### DATA EXCERPT

────────────────

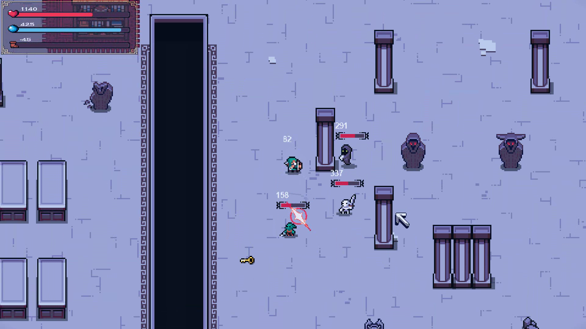 Note: I do not take credit for creation of the color palette, audio assets, or sprite assets! I have only recolored and combined them from various artists, with the only current exception being the main attack animation. All the credits are listed in the game on the credits page.
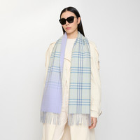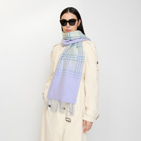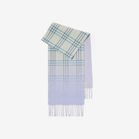 Product Details A double-faced cashmere scarf, jacquard-woven with a subtle gradient that blends the Burberry Check into a solid lilac colourway. Made at a family-run mill in Scotland, the fabric is washed in local spring water and brushed with teasels – dried flowers that are drawn along the surface of the cashmere to ’raise’ the cloth, creating a natural lustre and ultra-soft finish. Two further washes are given for a fuller texture. - Rectangular - Fringing at both ends - Item 81176851 Size & Fit - 168 x 30cm/66.1 x 11.8in Fabric & Care - 100% cashmere - Specialist dry clean - Made in Scotland
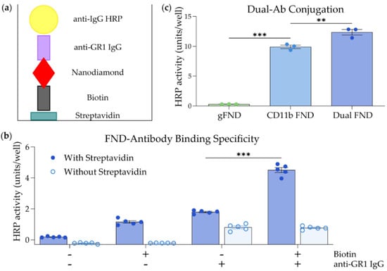 An ELISA-based assay was used to confirm the dual conjugation of antibodies to the FND surface. In the first assay, NHS-PEG12-biotin was conjugated instead of anti-CD11b antibodies to the aminated-propargyl FND. Successful conjugation of biotin to the FND results in anchoring of the FND to streptavidin-coated wells, while successful conjugation of anti-GR1 Ab allows for binding of anti-IgG goat anti-rat-HRP antibody (Figure 2a). The biotinylated anti-GR1 FND was diluted to 100 µg/mL, added to streptavidin-coated wells, and reacted for 2 h at room temperature. Controls included glycidol-coated FND, anti-GR1-only FND, and biotinylated-only FND. The enzymatic activity of goat anti-rat-HRP was used to detect the presence of the anti-GR1 Ab on the plated FND. The highest levels of HRP activity were generated for the FND, which displayed both anti-GR1 Ab and biotin (Figure 2b). The other constructs produced lower levels of activity that were similar to background levels seen when streptavidin was added to empty wells. To further confirm successful dual conjugation, goat anti-rat-HRP was used to detect the presence of antibodies after each conjugation step. Glycidol-coated FND (gFND), anti-CD11b-conjugated FND (CD11b FND), and dual conjugated anti-CD11b/anti-GR1 FND (Dual FND) were incubated with goat anti-rat-HRP for 2 h, and HRP enzymatic activity was measured. There was a significant increase in HRP activity following both CD11b conjugation (gFND vs. CD11b FND, p < 0.001) and GR1 conjugation (CD11b FND vs. Dual FND, p < 0.01) (Figure 2c). These results demonstrate the successful dual conjugation of anti-CD11b and anti-GR1 antibodies to the surface of FND.

────────────────

### INSTRUCTIONS TO FOLLOW
Reproduce only the lines from the first line of the listing above up to and including the line that holds "Product Details A". Omit the pictures.

### PROBLEM SOLUTION
 Note: I do not take credit for creation of the color palette, audio assets, or sprite assets! I have only recolored and combined them from various artists, with the only current exception being the main attack animation. All the credits are listed in the game on the credits page.
 Product Details A double-faced cashmere scarf, jacquard-woven with a subtle gradient that blends the Burberry Check into a solid lilac colourway. Made at a family-run mill in Scotland, the fabric is washed in local spring water and brushed with teasels – dried flowers that are drawn along the surface of the cashmere to ’raise’ the cloth, creating a natural lustre and ultra-soft finish. Two further washes are given for a fuller texture. - Rectangular - Fringing at both ends - Item 81176851 Size & Fit - 168 x 30cm/66.1 x 11.8in Fabric & Care - 100% cashmere - Specialist dry clean - Made in Scotland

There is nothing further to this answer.